Lo condividerebbe con altri imprenditori locali?

Apprezzo molto l’idea di l’open innovation anche sul fronte formativo. Ma la condizione necessaria è di essere sulla stessa linea d’onda. La condivisione non sia un ostacolo o un freno. L’immediatezza e la velocità sono alla base di questi progetti e ne determinano l’efficacia. Si potrebbe iniziare a condividere il modello ognuno lo pratica in base ai sui fabbisogni.

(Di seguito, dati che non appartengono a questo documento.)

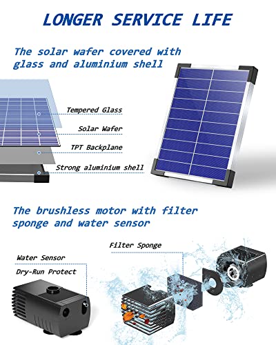 - ECO-FRIENDLY AND RELIABLE SOLAR PANEL KIT: Our solar powered fountain adopts 100% glass solar panels with stronger light transmittance. The solar panel will not oxidize even if used outdoors for a long time, It can steadily absorb the sun's energy and make the water spray more stable and lasting.

Ma la sfida di portarli a bordo è stata fatta, qual è il passaggio nuovo?

La sfida ora esattamente è saperli trattenere nel futuro. Anche se dico e ho detto a loro, in totale onestà, di sperare che facciano una intera carriera professionale non solo con me. Noi siamo i primi a voler promuovere un corretto dinamismo e mobilità professionale. Non possiamo volere i numeri uno e poi pretendere che si fermino tutta la vita da dove sono partiti. Anche il dinamismo, la mobilità professionale che condividiamo resta comunque un valore da promuovere, Credo che sia anche la dimostrazione della capacità di un ragazzo di scalare, perché il livello della sua competenza, della sua professionalità sono diventate superiori a quelle che l’azienda può offrirgli. Allora è giusto vedere che prenda il volo. E che la Fae Technology, in questo caso, sia stata il suo trampolino di lancio.